The purpose of this project was to check for correlation and prediction possibility for a medical dataset.
The dataset used is available on Kaggle: "This dataset contains detailed information about medical costs for individuals over the period from 2010 to 2020. It includes various attributes such as age, sex, BMI, number of children, smoking status, and region. These attributes are essential in understanding the factors that influence medical costs and can be used for predictive modeling, statistical analysis, and research purposes."
First, I analyzed the data to check for the distribution and split of the different features.
Using my GPU alongside the XGBRegressor
model, I trained and tested a model. The initial results seemed promising:
- Mean Absolute Error: 255.77
- Mean Squared Error: 87840.26
- R-squared: 0.998
After this, I transitioned from the Jupyter notebook to two scripts:
train_model.py
predict_cost.py
The role of these two files is to train the model and then predict the cost with minimal configuration. The predict_cost.py
script also includes user input fields, which would later assist us when creating a Flask back-end with an HTML front-end.
In app.py
and index.html
, you can see the Flask back-end connected to the front end.

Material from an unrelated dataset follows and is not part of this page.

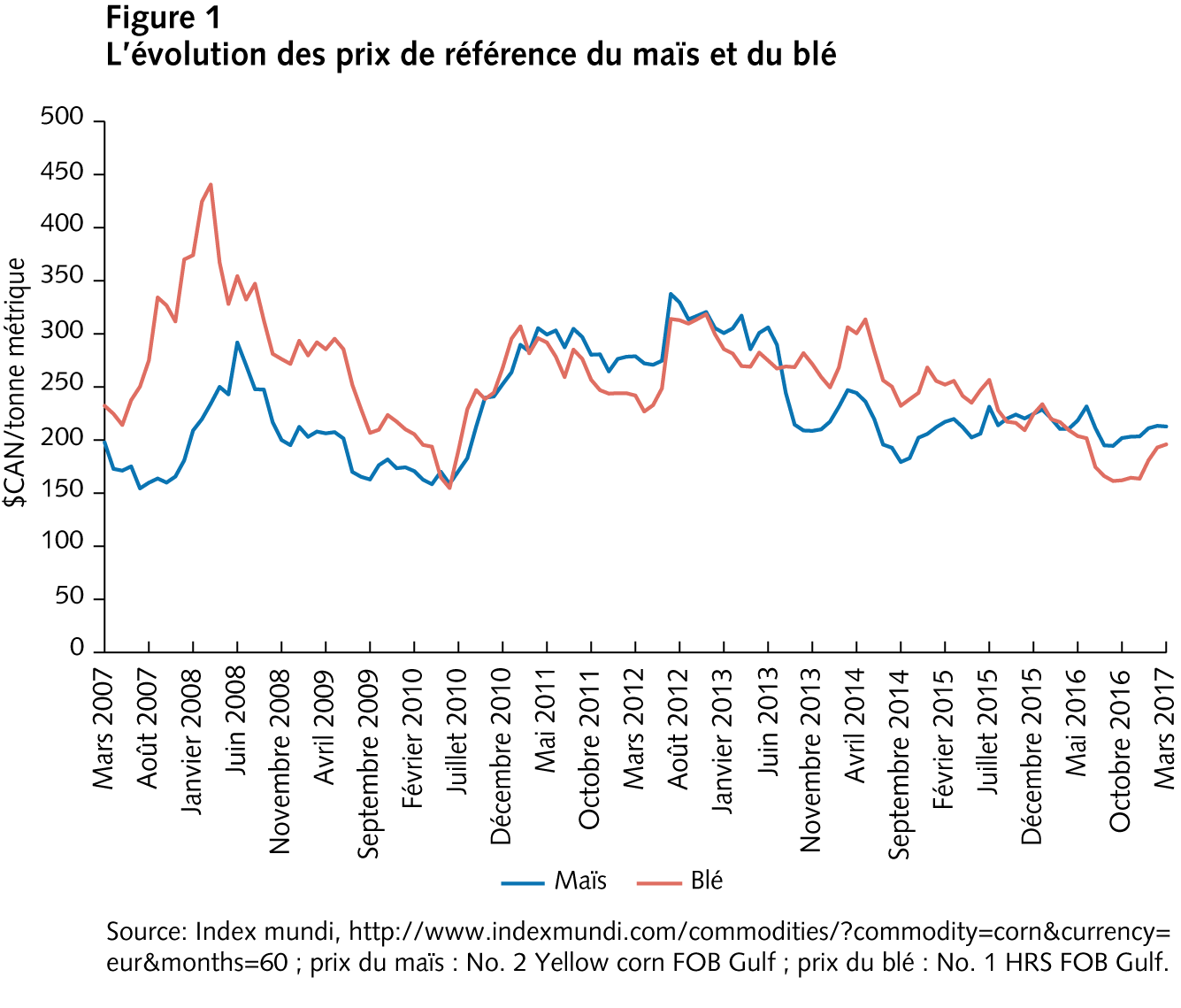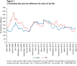 Après les envolées des prix des céréales de 2008 et de 2011, les cours mondiaux sont revenus à des niveaux plus bas. Comme l’illustre la figure 1, il y a eu une correction du prix du maïs en 2013, et le prix n’a pas beaucoup varié depuis ; dans le cas du blé, on observe une lente tendance à la baisse depuis 2012. Comme les prix élevés des céréales, de 2008 à 2012, ont contribué à l’augmentation rapide du prix des terres agricoles partout au pays, puisqu’il est maintenant plus clair qu’ils se sont stabilisés, la valeur des terres agricoles devrait augmenter beaucoup moins rapidement au cours des prochaines années, et ce, même si les taux d’intérêt demeurent bas.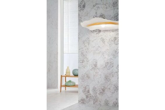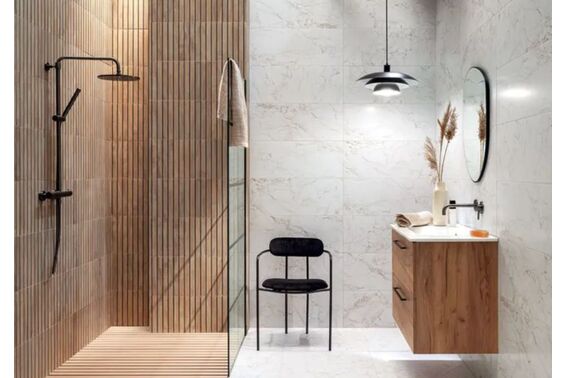 Na delikatnej, satynowej powierzchni ze wzorem marmuru nałożony jest linearny rysunek kwiatów maku, w różnych stanach rozkwitu, pociągnięty platynową nitką. To właśnie takie detale nadają kolekcji wyjątkowego charakteru i sprawiają, że płytki ceramiczne z kolekcji Tubądzin Rochelle są doskonałym wyborem dla osób, które szukają wyjątkowego i niebanalnego rozwiązania dla swojego wnętrza.Kolekcja łączy ciepłe beże i chłodne szarości w jeden spójny obraz. Ramą dla tego obrazu są lamele, które dopełniają aranżację i wprowadzają do wnętrz przytulny urok drewna. To idealne rozwiązanie dla osób, które cenią sobie naturalny wygląd swojego domu i chcą wprowadzić do niego ciepło i harmonię.

The web server can be started by typing:
```bash python -m http.server ```
The end result looks like this:
However, I noticed a large bias against smokers. While this is logical, I wanted to ensure there were no mistakes during model training. I created a balanced version to address this concern. Additionally, the model seemed to be very biased towards numbers between 6k and 8k and 16k to 20k, with nothing in between.
A simple distribution chart revealed the bias:
The correlation heatmap shows that smoking status has a significant impact on medical costs:
Understanding that the sampling method might introduce bias, I fed the model some random values to test its sensitivity. The ones in red signal that the person is a smoker. While age, BMI, number of children, and region have an impact, their influence is much smaller compared to smoking status.